– А пока на Вещеру не попадешь – не услышишь. Сие есть тайна великая. Бренки и калики замалчивают, чтоб послушников в узде держать. Так ведь и суд Ослаба вам нипочем! – Бродяга вздохнул, разлегся на лежанке. – Не хоромы строить тебе надо, а кукушку искать.
Хоть «снежный человек» принес ему огонь, но Ражный вдруг подумал, что сам бы к нему не пошел, чтоб разжиться угольками, – как и к Вяхирю…
– Ну что стоишь? – поторопил бродяга снисходительно. – Ноги в руки и бегом за своей долей!
– Сейчас некогда, – в сторону обронил Ражный. – Рамы вставить надо, тепло уходит…
– Вот вы, вотчинники, все одинаковые! – лениво изумился бродяга. – Домовитые!.. Но в стенах ли счастье?
Ражный развел на улице костер и с прежними смутными, беспокойными чувствами начал прокаливать замазку на стеклах.
Поздно вечером странствующий рыцарь молча запихал в рюкзак свой просушенный гардероб, положил на подоконник упаковку спичек и три парафиновые свечи.
– Ну, благодарствую за теплый прием, – сказал он на пороге. – Не поминай лихом. Вещера тут одна, может, и сведет еще…
– Переночуй, – предложил Ражный. – Куда ты на ночь глядя?
– Мне еще лучше в темноте. Я же Сыч – ночная птица…
И тотчас ушел в густой сумрак, насыщенный еще и сильнейшим снежным зарядом.
Гроза всего Вещерского леса, о котором предупреждал калик, на вид оказался не таким и грозным, даже благодарным, коль помнил о встрече на Памире и открыл тайну древнего обычая. И все равно на душе у Ражного было смутно и неспокойно. Будто Сыч не только принес спички и растопил печь, но еще заронил искру надежды на избавление от сирого существования в лесах, хотя Ражный начинал привыкать к нему и уже ощущал, что не просто выживает здесь и ждет окончательного приговора бренки, а живет. Останься он один на один с собой, в земляной берлоге, еще неизвестно, какое бы вызрело решение, не исключено, сейчас бы искал себе применение где-нибудь в миру, в большом спорте, где все покупается и продается.
Или бродяжил бы, как Сыч!
Неведомая покровительница могла быть кукушкой…
Эта осторожная, боязливая, как дикая птица, мысль вползла к нему в голову, как только бродяга, словно между прочим, походя, рассказал об утвержденном еще Сергием обычае.

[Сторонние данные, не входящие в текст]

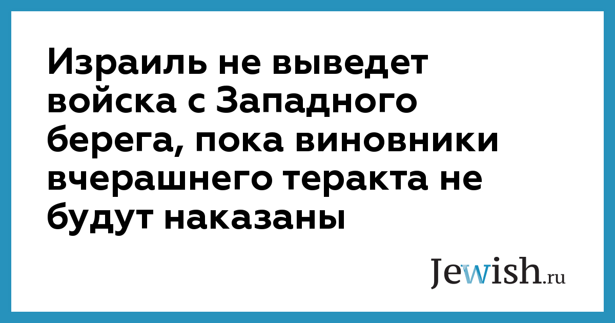 Израиль не выведет войска с Западного берега, пока виновники вчерашнего теракта не будут наказаны
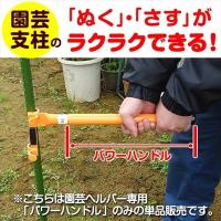 商品情報 支柱ヘルパー本体に取り付けると柄の長さが全長40cmになり、両手でしっかりと握ることができ、いっそう楽に支柱を抜くことができます。 サイズ(約) 直径25×長さ330mm 重量 300g 材質 本体:スチールパイプ製 キャップ:ポリエチレン製製 備考 ※本製品は「園芸支柱ヘルパー」の専用パーツです。 本製品を使用するには「園芸支柱ヘルパー」本体が必要です。
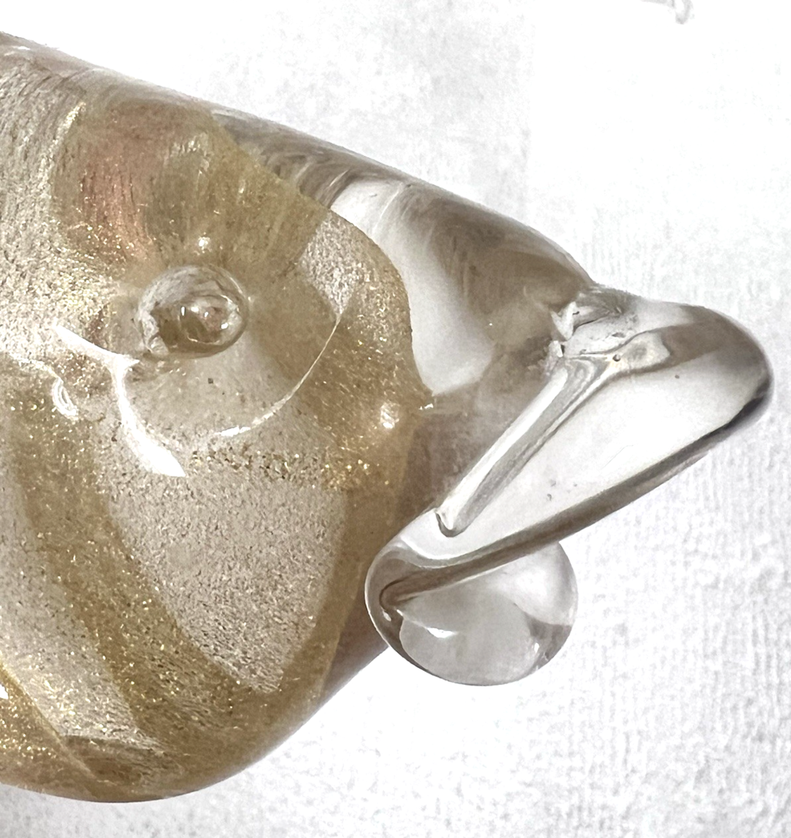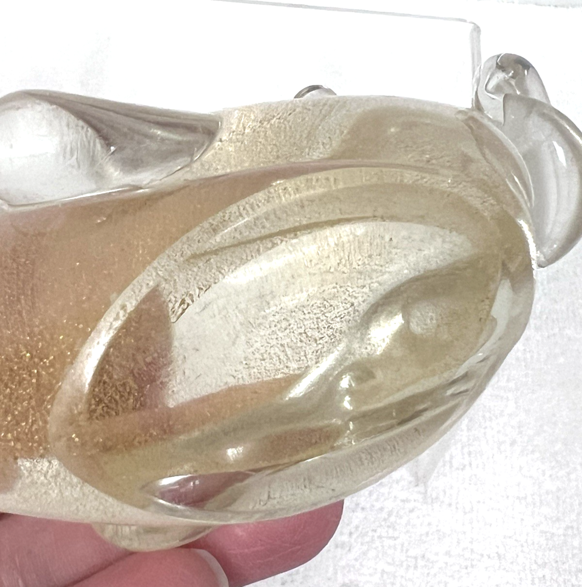 Vintage Murano Italian Clear Art Glass Gold Specks Inside Whale Figurine 4"
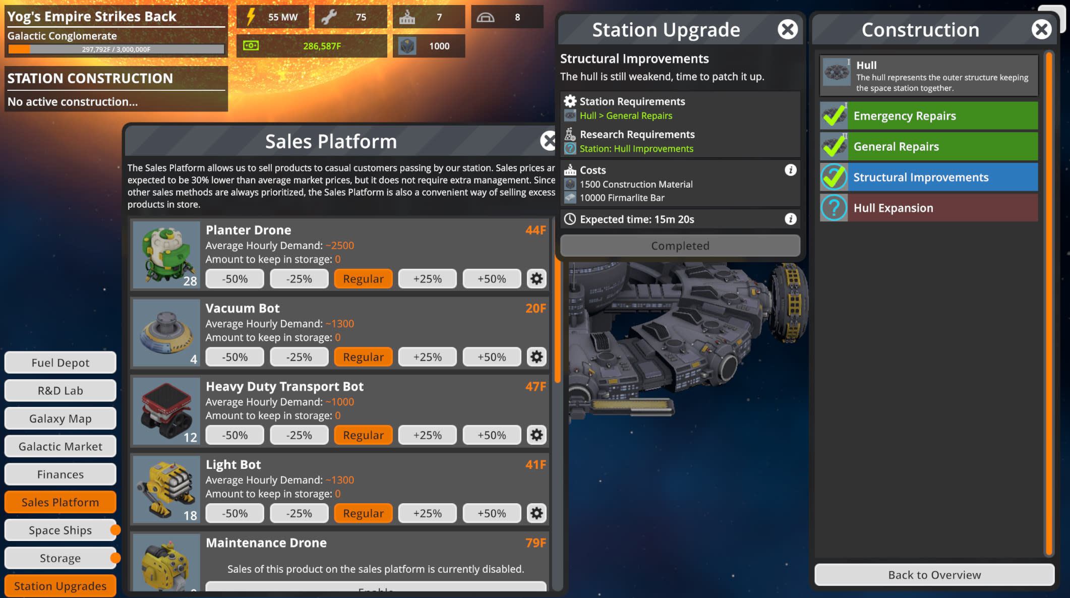 Let’s keep going with showing off more new and upcoming features. The research & development lab, in short R&D Lab, is a buildable upgrade for your space station which allows you to increase your robot production proficiency by analyzing the robots you produce. It allows you to gain experience points per robot type for each robot you produce. Each robot has a corresponding level and gaining one will reward you with a “Tech Point”.
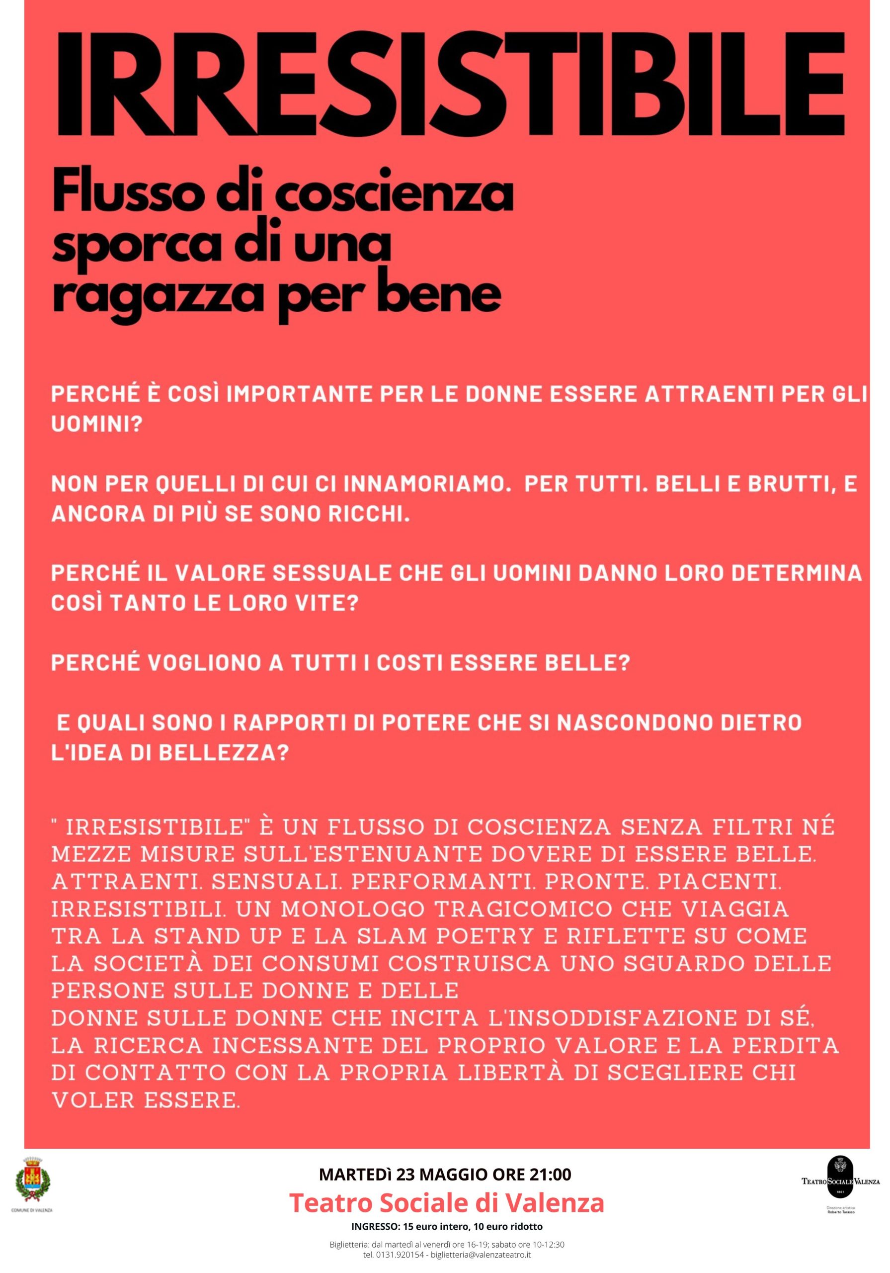 I dialoghi della Vagina è una stand-up commedia “dove l’interazione con il pubblico abbatte non solo la quarta parete, ma anche tabù e luoghi comuni legati all’universo femminile”. L’irresistibile capacità delle attrici di raccontare e raccontarsi, regala allo spettatore una performance esilarante e molti spunti di riflessione. A fare da sfondo, le opere della pittrice russa Elena Romanovskaya. La rassegna conosce poi due momenti con giovani attori della compagnia PEM. Martedì 9 maggio (ore 21) si esplorerà l’universo umoristico ed introspettivo di Pietro Maccabei, che con la collaborazione di Daniel Santantonio interpreta lo spettacolo dal titolo “Casa mia – Meglio nascere fortunati che ricchi”. Ed ancora successivamente martedì 23 maggio (ore 21) un’attrice della compagnia PEM, Lucia Raffaella Mariani, in “Irresistibile, ovvero la coscienza sporca di una ragazza per bene”, un monologo dal forte elemento autobiografico nel quale è possibile specchiarsi.

Да она и есть кукушка! Одинокая, сирая, но гордая дева, ушедшая на Вещеру от позора прослыть брошенной невестой. И не он, а она отыскала оставленного на произвол судьбы послушника, принесла топор, тулуп, пищу…
И ни разу не явилась на глаза, не оставила ясного следа, чтобы можно было отыскать ее гнездо…
Ражный готов был бросить все и тотчас бежать на поиски, но в последний миг, словно медведь на рогатину, он натыкался на снисходительную, насмешливую фразу Сыча: «Ну чего стоишь? Ноги в руки и бегом за своей долей!»